Supernatant samples from cultures of few positive clones and one negative clone (non-recombinant X-33) were subjected to SDS-PAGE analysis after precipitation with TCA. The results provided an additional band near 60 kDa only in positive clones (Figure 2, Lanes 1-6). The secreted protein was purified from the supernatant by passing through a nickel column and fractions were screened by SDS-PAGE. The purified protein samples were seen as two or three smeared bands after Coomassie brilliant blue R-250 staining (Figure 3A).

To confirm the identity of recombinant protein, the purified protein was reacted with AAT antibody in a western blot analysis. The recombinant AAT was identified as two distinct bands (Figure 3B, Lane 2) with a molecular weight slightly larger than that of the commercial protein (Figure 3B, Lane 1).

AAT levels in supernatant were determined by quantitative ELISA, using two specific monoclonal antibodies against AAT. Level of protein expression was determined in ten Mut⁺, three Mut^s, and one non-recombinant X-33 clones. According to our data, methanol induction at concentration of 0.5% (v/v) for the first day and 1% (v/v) for the next two days could result in highest level of protein secretion in Mut⁺ phenotype. Average quantities of protein expression were 60 mg/l and 44 mg/l after 72 hr for Mut⁺ and Mut^s clones, respectively (Figure 4).

Data from the activity assays provided an increase in detected fluorescence levels when the elution buffer and/or the supernatant of non-recombinant X-33 culture were screened. However, no changes were seen for commercial AAT and the recombinant AAT (Figure 5).

After staining with Coomassie brilliant dye, recombinant AAT protein was visualized as three bands in IEF acrylamide gel migrating at 5.1 to 5.2 kDa, while plasma derived AAT was detected as five bands from 4.7 to 4.9 kDa (data was not shown).

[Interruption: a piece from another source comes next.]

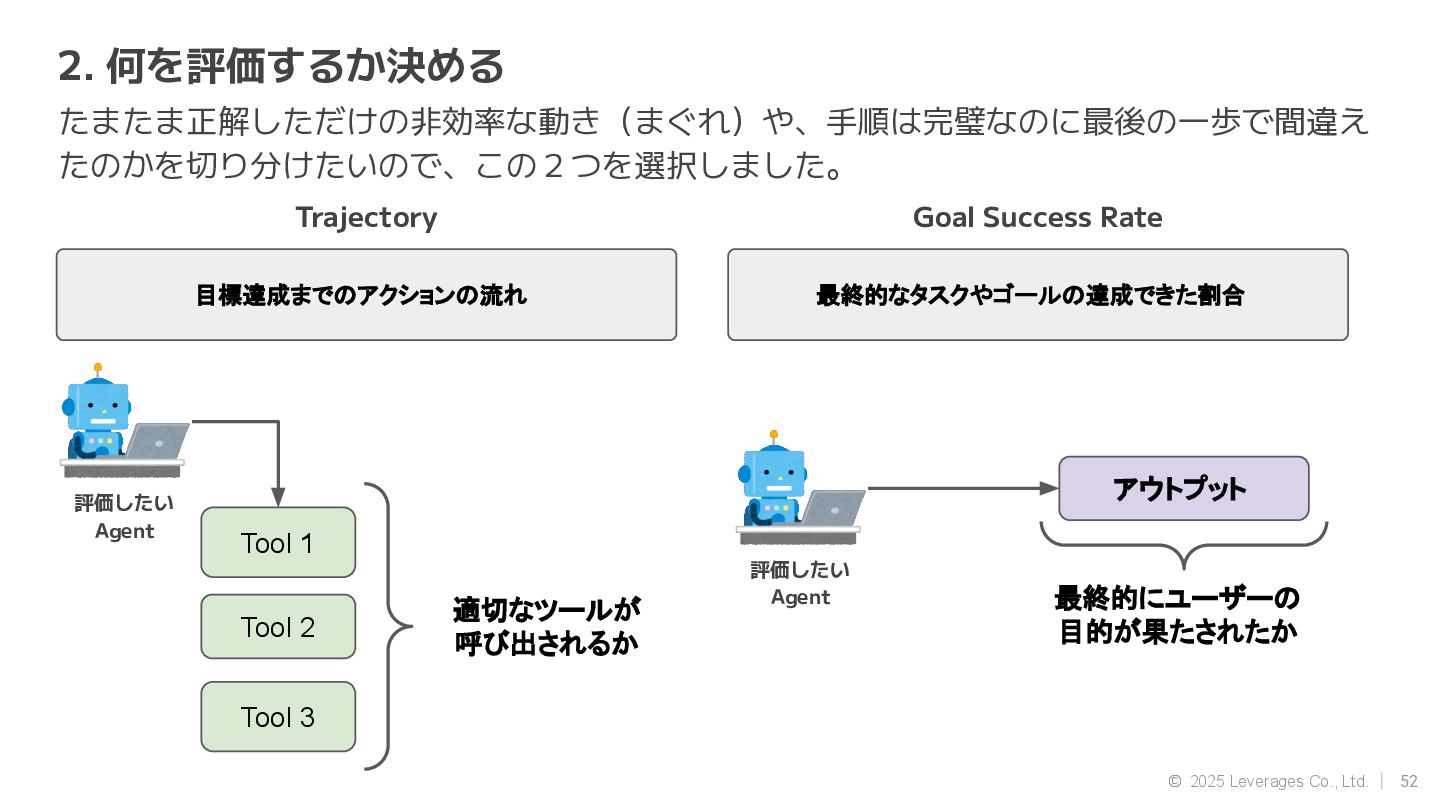 51 © 2025 Leverages Co., Ltd. 2. 何を評価するか決める Agentの特性や用途によって定義すべき品質は異なるため、汎用的な正解は存在しません。 まずは「何を担保すべきか」を明確に定義し、小さく構築することが重要です。
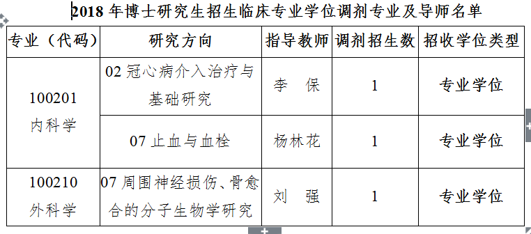 经学校博士研究生招生工作领导组研究决定,现将2018年博士研究生临床专业学位招生调剂工作有关事宜通知如下:

To investigate whether the protein bands with higher molecular weight were due to different glycosylation, we expressed the AAT in media containing tunicamycin which blocks glycosylation in vivo, and analysed the supernatant by SDS-PAGE and western blotting. In the presence of tunicamycin the AAT band shifted to a position lowers than that of natural and recombinant proteins (Figure 6).